The JVM can also figure out which local variables in each stack frame refer to which
objects and arrays in the heap. Finally, by following references held by objects and
arrays in the heap, the JVM can trace through and find all objects and arrays are still
referred to, no matter how indirectly.
Thus, the runtime is able to determine when an allocated object is no longer
referred to by any other active object or variable. When the interpreter finds such an
object, it knows it can safely reclaim the object's memory and does so. Note that the
garbage collector can also detect and reclaim cycles of objects that refer to each
other, but are not referenced by any other active objects.
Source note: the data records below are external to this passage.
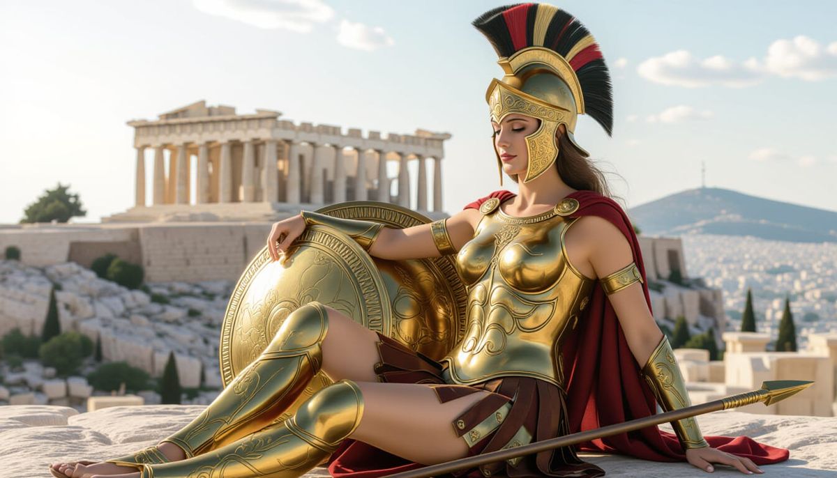 This image depicts the goddess Athena in her golden armor, seated serenely within her temple at the Acropolis. Her helmet and spear lie nearby as she enjoys a tranquil moment.
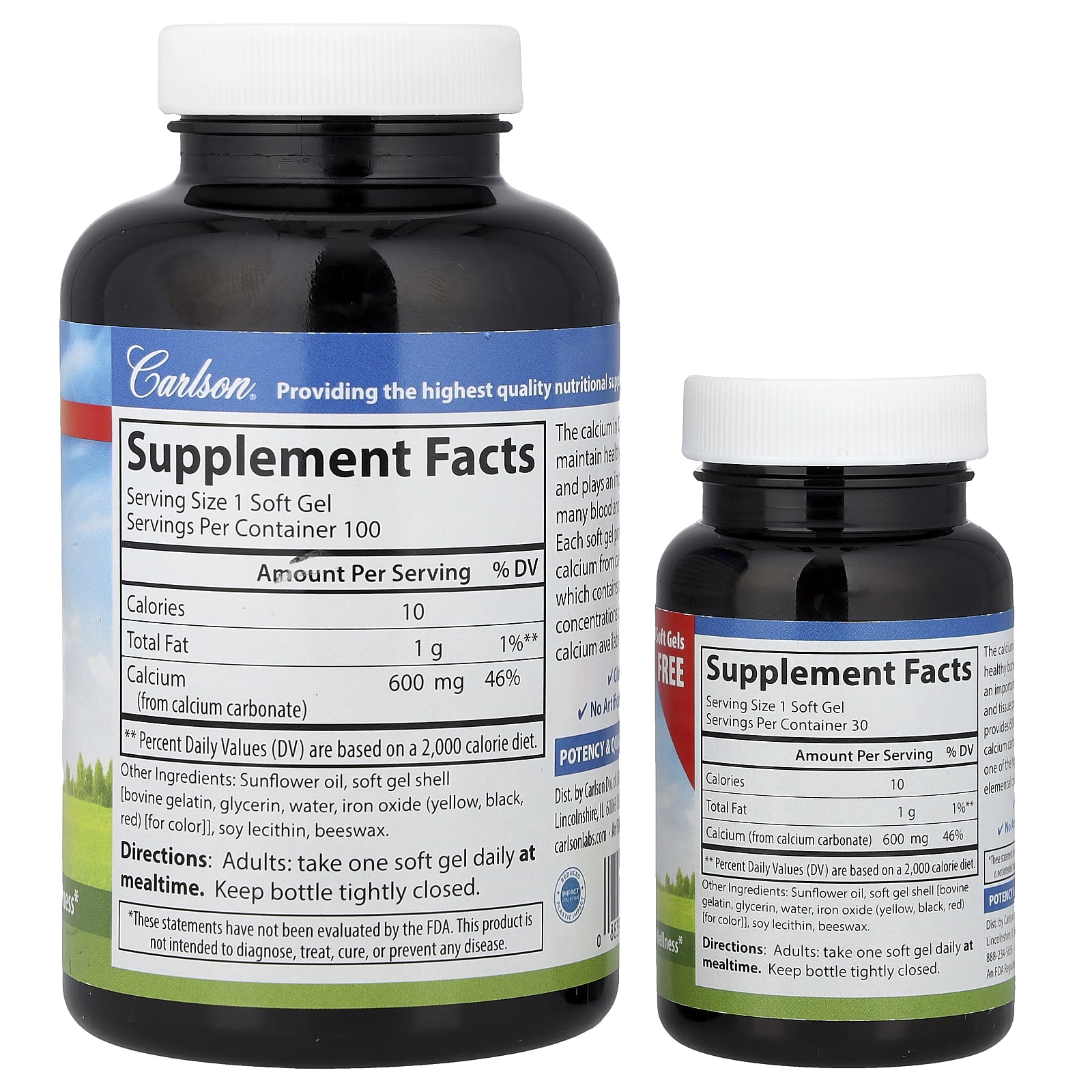Carlson, Cal-600, с жидким наполнителем, 600 мг, 100 + 30 капсул
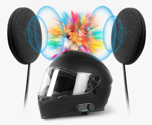 W interkomie zastosowano hybrydowy zestaw słuchawkowy, dzięki czemu w zestawie znalazły się aż 2 mikrofony - jeden na pałąku przeznaczony do kasków otwartych, drugi na giętkim przewodzie przeznaczony do kasków zamkniętych.
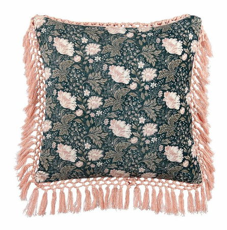Zkrášlete si pohovku nebo postel tímto nádherným polštářem. Jemný květovaný vzor v odstínech růžové a modré doplňují ozdobné třásně po celém obvodu. Polštář lze použít samostatně nebo v kombinaci s jinými textilními dekoracemi.
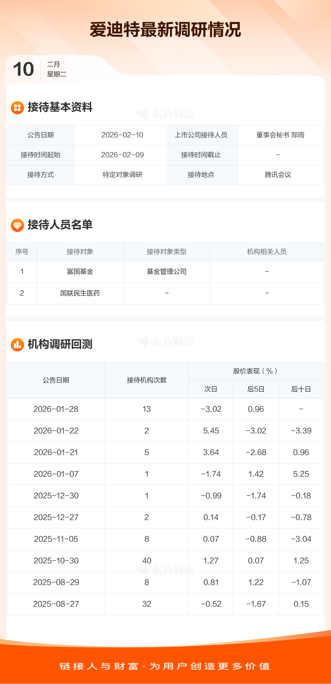 愛迪特2月10日公告稱,2月9日接待富國基金等2家機構(gòu)調(diào)研。接待人員包括董事會秘書 郜雨。
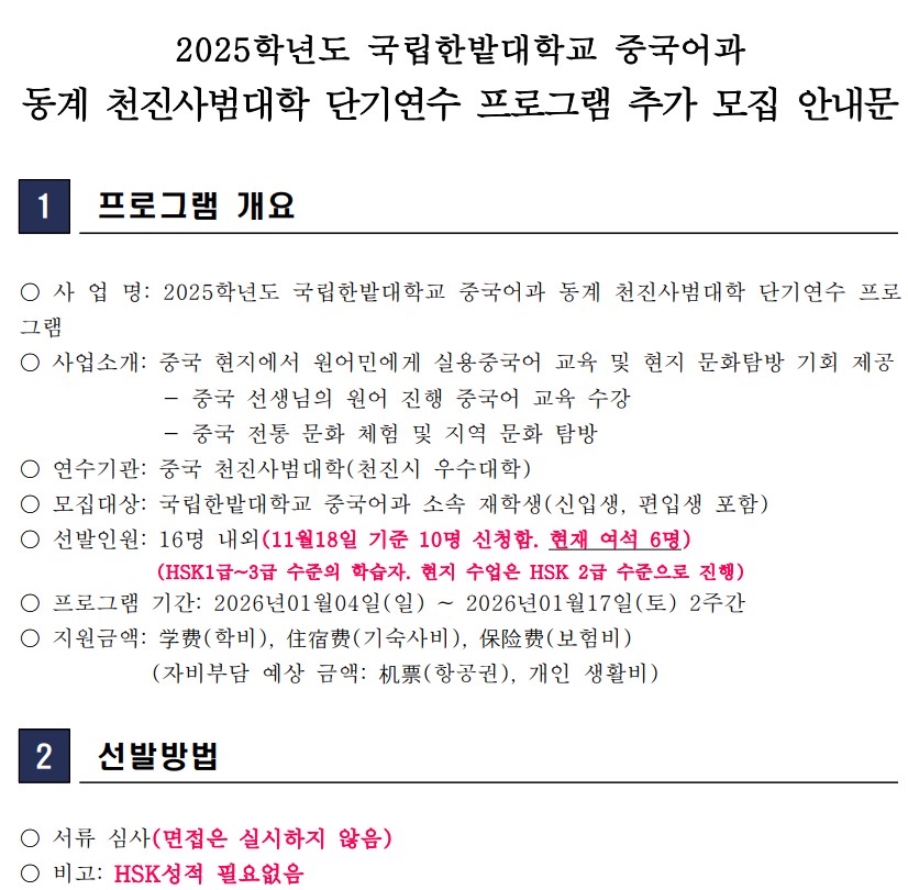 2025학년도 국립한밭대학교 중국어과 동계 천진사범대학 단기연수(2주) 프로그램 추가 모집 안내문
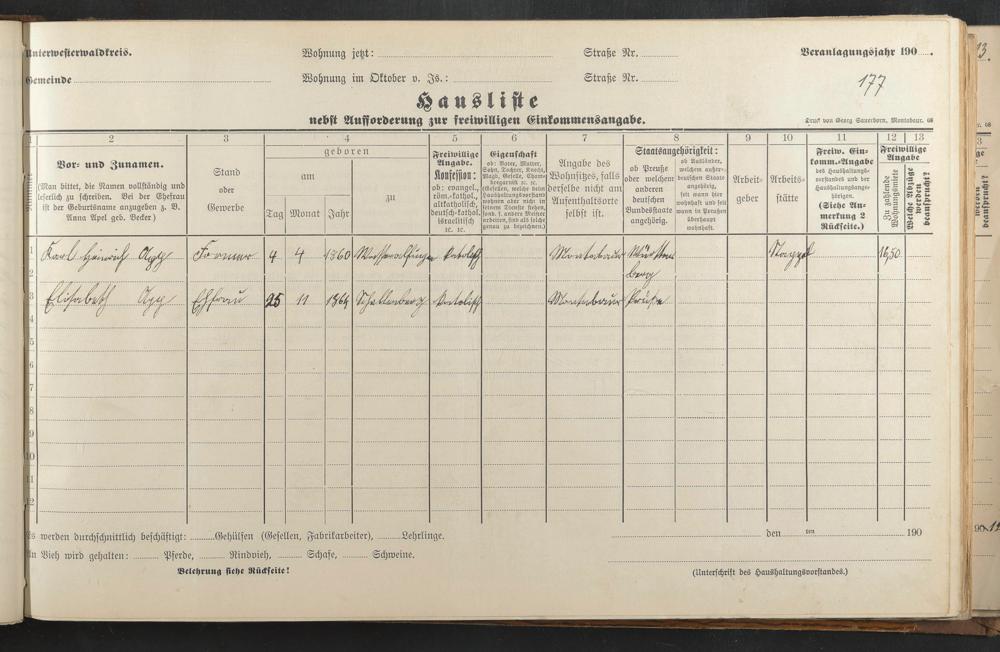 Haushaltsliste 1912 & 1913, Band I., Abt. 4 A 276
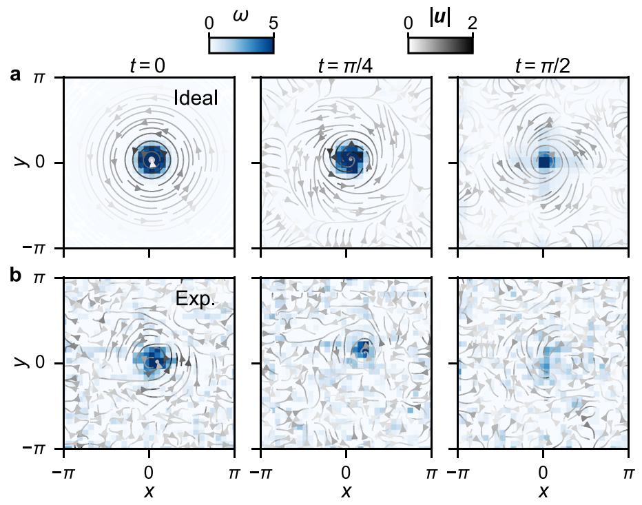 图2:薛定谔涡流量子模拟在超导量子计算机上的实验结果
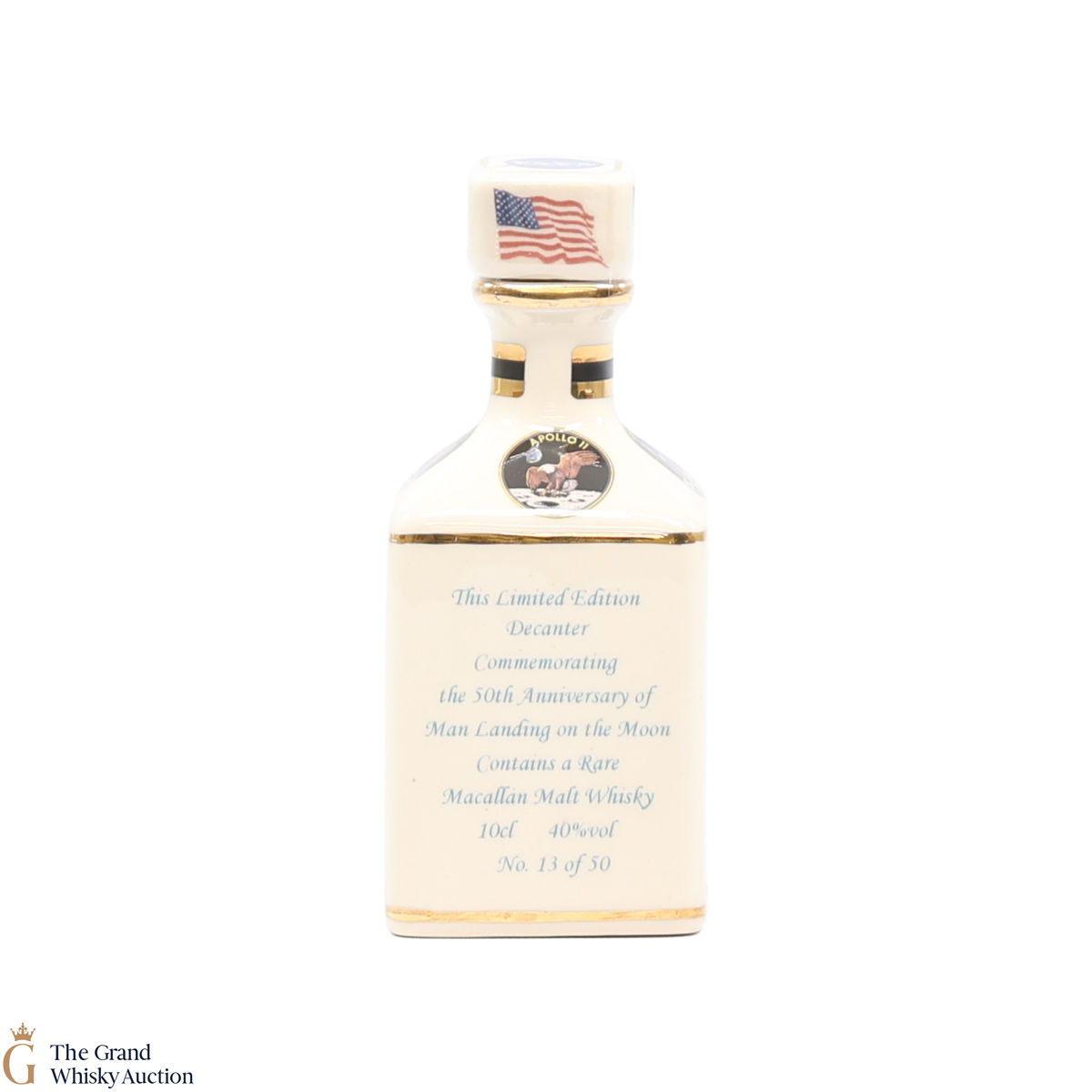 A mini decanter commemorating the 50th Anniversary of Man Landing on the Moon. Filled with a rare Macallan, this is one of 50 bottles released.
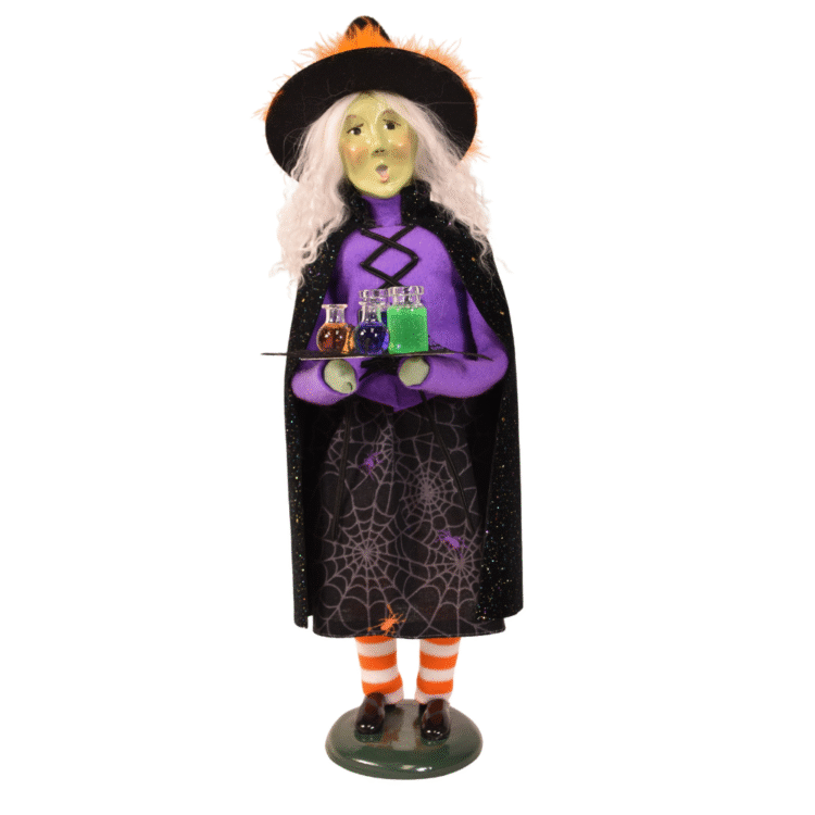 This handcrafted Byers’ Choice Potions Master Witch Caroler is festive and perfect for Halloween decorating. Holding a tray of freshly brewed, colorful potions, she brings a touch of spellbinding magic and playful mystery to seasonal displays. Dressed in a sparkling black cape with a spider web patterned skirt, this Potions Master Witch appears mid-spell as she prepares her latest magical creations. Standing beside her potions table, she captures the fun of candlelit workshops, bubbling brews, and the whimsical artistry of Halloween making her a perfect centerpiece for witchy scenes and imaginative autumn displays. Ships June 1
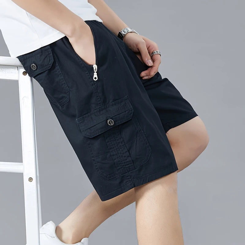Cotton Cargo Shorts Man Casual Solid Elastic Waist Drawstring Shorts Summer Breathable Lightweight Outdoor Leisure Short Pants
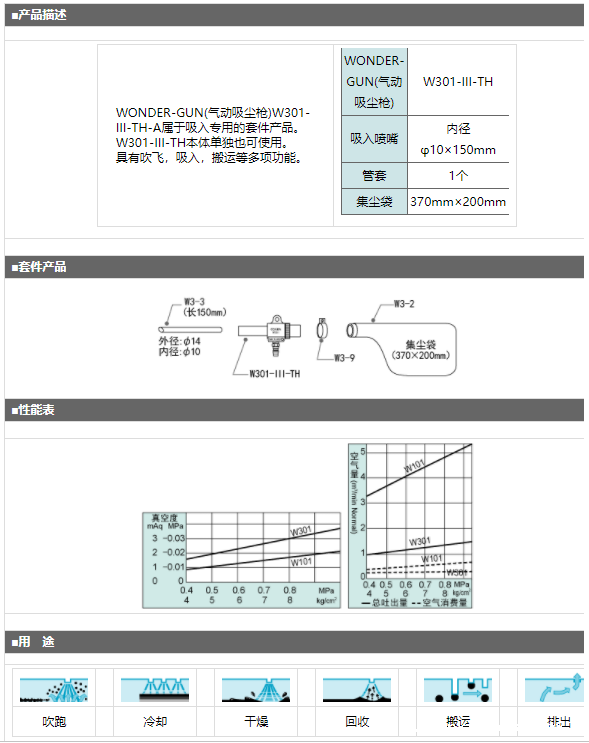 产品简介: WONDER-GUN(气动吸尘枪)W301-III-TH-A属于吸入专用的套件产品。 W301-III-TH本体单独也可使用。 具有吹飞,吸入,搬运等多项功能。

We define a reachable object to be an object that can be reached by starting from
some local variable in one of the methods in the stack trace of some application
thread, and following references until we reach the object. Objects of this type are
also said to be live . 1
There are a couple of other possibilities of where the chain of
references can start apart from local variables. The general
name for the root of a reference chain leading to a reachable
object is a GC root .
With these simple definitions, let's look at a simple method for performing garbage
collection based on these principles.
The Basic Mark and Sweep Algorithm
The usual (and simplest) algorithm for the collection process is called mark and
sweep . This occurs in three phases:
1. Iterate through the allocation table, marking each object as dead .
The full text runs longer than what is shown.